I just typed this message into the box as slowly as I could make myself do it (as often quick replies would work just fine).

If this message posts, I'd say that this solved it for me.

Edit: Apparent success.
 
I was seeing it in the Firefox debugger network tab with drafts. As long as I didn't have a working connection open (server timeout seems to about 60 seconds), writing something and putting something in the text box would trigger a POST to save the draft, and that would usually fail.

Looks good now; I'll update when I get a bug report in and if I get a good response.
 
I have it turned off now.
Thanks a lot for the intensive testing.

Hopefully it will resolve the FF issue now.

Just because I am curious, is there something TLS 1.3 does that the forum overall loses out on with it disabled?

I mean, I am of course appreciative of a fix, but I'm always of the mindset of "security first". :p
 

I clicked through to RFC 8470 and read this:

TLS 1.3 [TLS13] introduces the concept of early data (also known as
zero round-trip time (0-RTT) data). If the client has spoken to the
same server recently, early data allows a client to send data to a
server in the first round trip of a connection, without waiting for
the TLS handshake to complete.

When used with HTTP [HTTP], early data allows clients to send
requests immediately, thus avoiding the one or two round-trip delays
needed for the TLS handshake. This is a significant performance
enhancement; however, it has significant limitations.

The primary risk of using early data is that an attacker might
capture and replay the request(s) it contains. TLS [TLS13] describes
techniques that can be used to reduce the likelihood that an attacker
can successfully replay a request, but these techniques can be
difficult to deploy and still leave some possibility of a successful
attack.

Note that this is different from automated or user-initiated retries;
replays are initiated by an attacker without the awareness of the
client.

So, it looks like disabling early data / rtt data is a performance thing. Setting it to off might add a tiny bit of latency due to added round trips, but it is probably only noticeable for people with very high latency connections. (Do we still have any dialup users?)

On the flip side it looks like when it is on there is a small risk of "replay attacks", so it might not be a bad idea to keep it off either way, as long as the added latency doesn't prove problematic for people.

That is - unless - I have misunderstood this topic (which is very possible)

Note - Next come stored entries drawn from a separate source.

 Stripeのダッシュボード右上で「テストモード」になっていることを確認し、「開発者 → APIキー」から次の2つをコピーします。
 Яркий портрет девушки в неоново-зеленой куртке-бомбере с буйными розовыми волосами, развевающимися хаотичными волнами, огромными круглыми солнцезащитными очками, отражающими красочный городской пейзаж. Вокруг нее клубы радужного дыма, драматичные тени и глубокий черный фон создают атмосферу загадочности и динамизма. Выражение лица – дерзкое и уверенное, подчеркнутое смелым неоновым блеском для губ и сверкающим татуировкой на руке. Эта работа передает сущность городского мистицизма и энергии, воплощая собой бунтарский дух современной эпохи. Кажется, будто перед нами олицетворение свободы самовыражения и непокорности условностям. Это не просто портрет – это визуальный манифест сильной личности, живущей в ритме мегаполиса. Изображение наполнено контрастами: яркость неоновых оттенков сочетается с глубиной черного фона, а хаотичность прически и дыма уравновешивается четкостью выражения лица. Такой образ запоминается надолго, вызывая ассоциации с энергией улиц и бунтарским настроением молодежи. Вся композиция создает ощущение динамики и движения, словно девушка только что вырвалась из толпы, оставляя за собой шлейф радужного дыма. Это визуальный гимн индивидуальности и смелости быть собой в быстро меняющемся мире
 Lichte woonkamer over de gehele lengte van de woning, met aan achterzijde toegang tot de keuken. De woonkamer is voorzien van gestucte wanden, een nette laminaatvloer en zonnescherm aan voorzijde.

This is not exactly my domain.
 
You are much better at this stuff than I. I'm glad you took a look.

This is interesting. Yeah, it definitely looks like something that would be difficult for the hardforums to fix on their own. I'm hoping a bug report helps getting it tackled.

Thank you for doing that!
This hit the right combination of strange issue, in my comfort zone, and pisses me off. That's a recipe for me to figure out what's broken ;) Also, the tcpdump looked weird, so I wanted to see it with real data; but the weirdness was mostly because it has TCP Keep-Alives and I always forget what they look like.

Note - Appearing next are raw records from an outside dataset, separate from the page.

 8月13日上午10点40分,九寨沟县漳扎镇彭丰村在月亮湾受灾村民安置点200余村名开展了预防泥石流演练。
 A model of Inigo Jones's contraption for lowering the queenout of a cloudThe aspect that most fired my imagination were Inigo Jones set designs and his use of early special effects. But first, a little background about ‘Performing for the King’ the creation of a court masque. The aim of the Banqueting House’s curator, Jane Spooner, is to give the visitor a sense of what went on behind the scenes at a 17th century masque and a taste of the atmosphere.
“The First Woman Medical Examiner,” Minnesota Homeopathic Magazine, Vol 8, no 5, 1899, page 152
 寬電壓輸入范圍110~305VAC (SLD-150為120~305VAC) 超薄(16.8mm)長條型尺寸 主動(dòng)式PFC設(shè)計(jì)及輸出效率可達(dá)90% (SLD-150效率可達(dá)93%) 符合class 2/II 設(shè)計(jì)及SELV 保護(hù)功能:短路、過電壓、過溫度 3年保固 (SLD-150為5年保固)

Just because I am curious, is there something TLS 1.3 does that the forum overall loses out on with it disabled?

(you posted a pretty good summary after I already typed this, but since I already wrote it, here it is anyway)

The TLDR on TLS 1.3 early data or 0-rtt (interchangable names for the same thing) is that when the client (Firefox) reconnects to a server it's connected to before, it can send an http request immediately after it sends the TLS handshake, without waiting for the server response to the handshake. This is an enhancement to TLS session resumption, and means there's no additional round trips vs plaintext http on successful resumption. The tradeoff is that depending on your server setup, the same TCP data can be sent again and the server may process it again, so you're only supposed to use early data for requests that are OK to run multiple times; that is usually interpreted as GET is OK, and POST isn't.

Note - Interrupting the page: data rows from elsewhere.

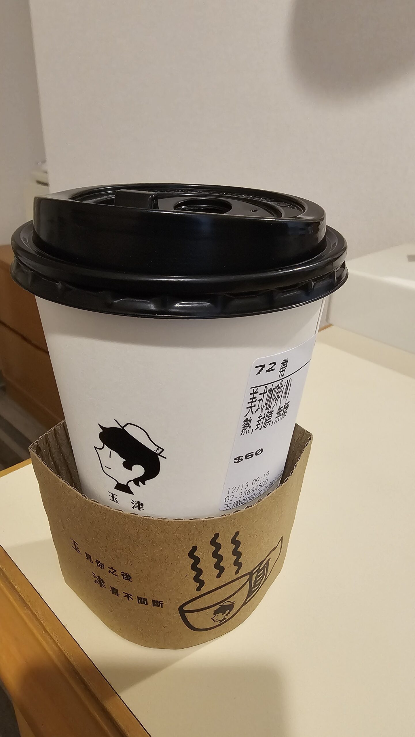 体調回復のためにカフェイン注入。アメリカーノ、60TWD(カード払い)
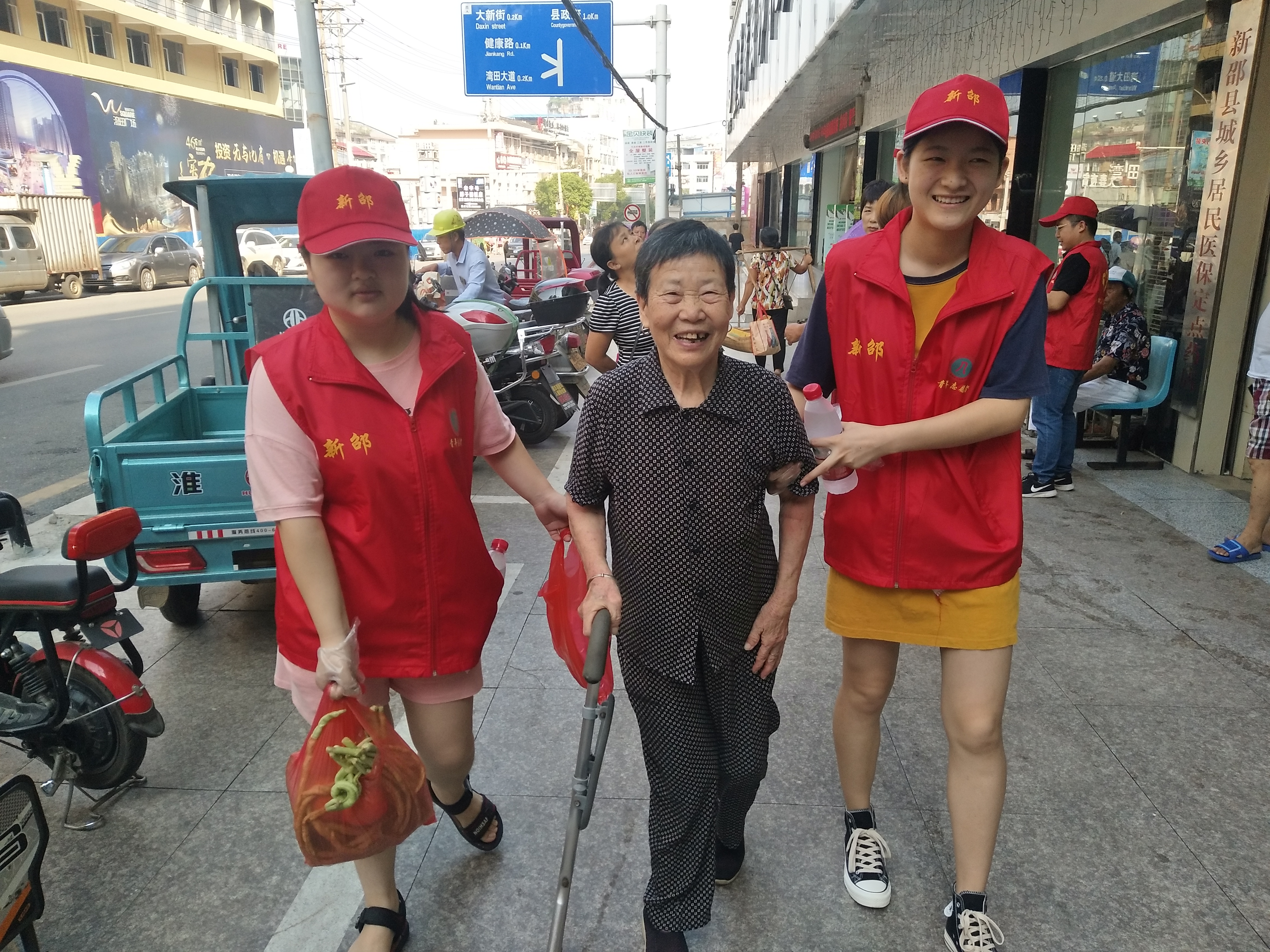 志愿者主动帮助老人提重物,搀扶老人过马路
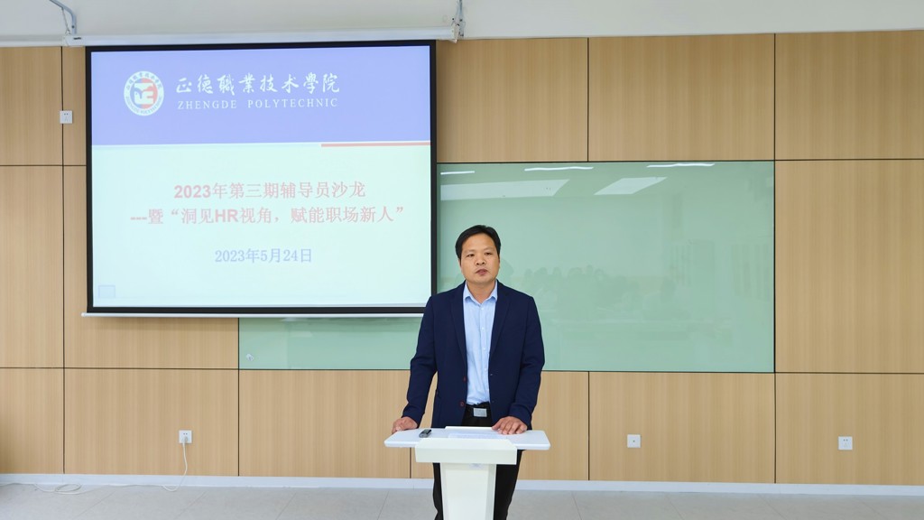 为进一步做好天博体育 毕业生就业工作,帮助辅导员更好了解职场环境与就业要求,提升就业指导能力。2023年5月24日下午,学生处在9205教室举办了“洞见HR视角,赋能职场新人”的就业指导专题讲座。江苏领航集团天博体育 事业部总经理周建政担任主讲嘉宾,学生处副处长张宝华、处长助理罗佳、全体辅导员到场参加,讲座由张宝华主持。
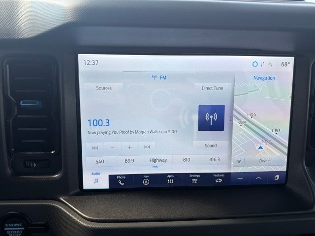 Thank you for visiting another one of Brown Chevrolet's online listings! Please continue for more information on this 2024 Ford Bronco Black Diamond with 17,577mi. This Ford includes: Optional Equipment: Safety and Security Lane-Keeping System BLIS (Blind Spot Information System) Cross-Traffic Alert collision warning Driver Alert Rear parking sensors Trail Control off-road speed control Convenience Illuminated driver visor mirror Illuminated passenger visor mirror Auto-dimming rear view mirror Proximity cargo area access release 1 interior 120V AC power outlet Intelligent Access with hands-free access and push button start Keyfob remote start Rear window defroster Flip-up rear windshield Rear windshield wipers Ambient lighting 0.400 kW Comfort Heated driver and front passenger seats Automatic climate control Dual-zone front climate control Transmission .10-SPEED AUTO TRANSMISSION 10-speed automatic Overdrive transmission Selectable mode transmission Transmission oil cooler Keyfob remote start Lock-up transmission Trail Control off-road speed control Transmission electronic control Automatic Smart device remote start Exterior and Appearance Convertible hardtop Non-metallic paint Second-row sunroof coverage First-row targa composite sunroof with manual activation Second-row targa composite sunroof with manual activation Front license plate bracket Removable sunroof Seating Front Row Heated Seats Heated driver and front passenger seats Powertrain and Mechanical 10-speed automatic Selectable mode transmission Transmission oil cooler Lock-up transmission Transmission electronic control Automatic Exterior HARD TOP,GRAY MOLDED-IN-COLOR Convertible hardtop Rear window defroster Flip-up rear windshield Second-row sunroof coverage First-row targa composite sunroof with manual activation Second-row targa composite sunroof with manual activation Removable sunroof Rear windshield wipers FRONT LICENSE PLATE BRACKET Front license plate bracket Auto High-Beam Headlamps Auto High Beam auto high-beam headlights Rear-Window Defroster and Washer Rear window defroster Flip-up rear windshield Rear windshield wipers Front Row Top Panels Storage Bag Additional Options Equipment Group 322A Mid Package Predictive brake assist system Driver visor with expandable coverage Driver visor mirror Illuminated driver visor mirror Passenger visor with expandable coverage Passenger visor mirror Illuminated passenger visor mirror Auto-dimming rear view mirror Heated driver and front passenger seats Automatic climate control Air conditioning - Yes Dual-zone front climate control Connected Navigation integrated navigation system with voice activation Real-time traffic Real-time weather Proximity cargo area access release 1 interior 120V AC power outlet 6 USB ports Intelligent Access with hands-free access and push button start Keyfob remote start Lane-Keeping System BLIS (Blind Spot Information System) Pre-Collision Assist with Pedestrian Detection Cross-Traffic Alert collision warning Pre-Collision Assist with Pedestrian Detection Driver Alert Auto High Beam auto high-beam headlights Rear mounted camera Rear parking sensors Ambient lighting 0.400 kW Smart device remote start Push-button Ford Co-Pilot360 Power Outlet - Back Side of Center Floor Console 1 interior 120V AC power outlet 0.400 kW Interior VINYL GRAY/BLACK SEATS Ambient Footwell Lighting Ambient lighting 2-Door Intelligent Access with Lock/unlock Proximity cargo area access release Intelligent Access with hands-free access and push button start Push-button Blind Spot Information System (BLIS) BLIS (Blind Spot Information System) Cross-Traffic Alert collision warning Connected Navigation Connected Navigation integrated navigation system with voice activation Real-time traffic Real-time weather Dual-Zone Electronic Automatic Temperature Control Automatic climate control Air conditioning - Yes Dual-zone front climate control Driver and Front Passenger Illuminated Sliding Visor Vanity Mirrors Driver visor wi
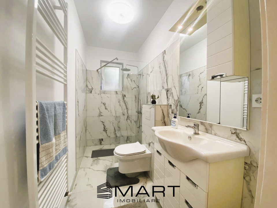 -Garsonieră separată – 30 mp: complet mobilată & utilată, cu baie modernă și intrare din curtea comună, ambele bine izolate (confort termic & fonic) și cu centrale proprii.
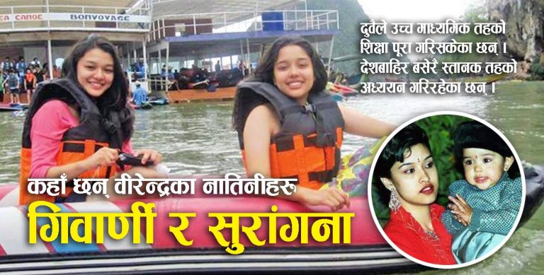 काठमाडौं, ७ असार । दरबार हत्याकाण्डमा राजा वीरेन्द्र शाहको वंश नाश गरिएको भनिएपनि उनकी छोरीतर्फकी दुई नातिनीहरु मध्ये जेठी गिर्वाणी राणाले किशोरावस्था पार गरिसकेकी छिन् । कान्छी सुरांगना किशोरावस्था पार गर्दैछिन् ।
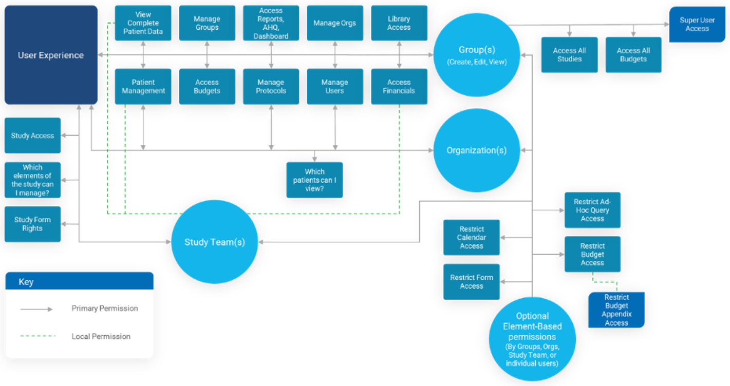 It is highly recommended to consult with your Velos implementation partner to map out your organizations and groups before building out your first studies.

The long and short of it is, if your connection to the server times out (at 60 seconds), and you load another forum post, you should get that back a little faster with early data (one round trip time between your client and the server; that can be significant for dial-up or users across the world or on congested mobile or wifi networks), but it shouldn't make a difference for posting because browsers shouldn't be sending POST over early data.
 
OK, well I wrote up a bug, so we'll see what happens. It looks like the details are a little bit different than what I suggested earlier. It seems like it's not entirely stuck, but at least on 94.0.1, in the right conditions, Firefox will wait almost 60 seconds after it sends its initial data to send a http/2 ping, at which point it notices the handshake finished and sends the POST. But the hardforums server seems to have a connection timeout of 60 seconds, so it's a race to see if the POST comes before the server decides to shut down the connection. If the request gets there in time, all is good (except for the response time) and if Firefox had a connection open already, it would use that (so reload and submit works too).

I tested on Firefox Nightly, and that seems to have the same behavior, but it only waits about 4 seconds before it gets going (I didn't look at packet contents, just timing for Nightly; so I'm not sure it's exactly the same problem, but it's a pain to get the session keys to get everything into wireshark). This reduced wait time wouldn't have resulted in service problems with the hardforum config, just slight delays that would be hard to measure and verify and maybe not worth it.

Hopefully, Firefox developers will fix the underlying issue, and there should be no delay vs with 0rtt disabled.
 
OK, well I wrote up a bug, so we'll see what happens. It looks like the details are a little bit different than what I suggested earlier. It seems like it's not entirely stuck, but at least on 94.0.1, in the right conditions, Firefox will wait almost 60 seconds after it sends its initial data to send a http/2 ping, at which point it notices the handshake finished and sends the POST. But the hardforums server seems to have a connection timeout of 60 seconds, so it's a race to see if the POST comes before the server decides to shut down the connection. If the request gets there in time, all is good (except for the response time) and if Firefox had a connection open already, it would use that (so reload and submit works too).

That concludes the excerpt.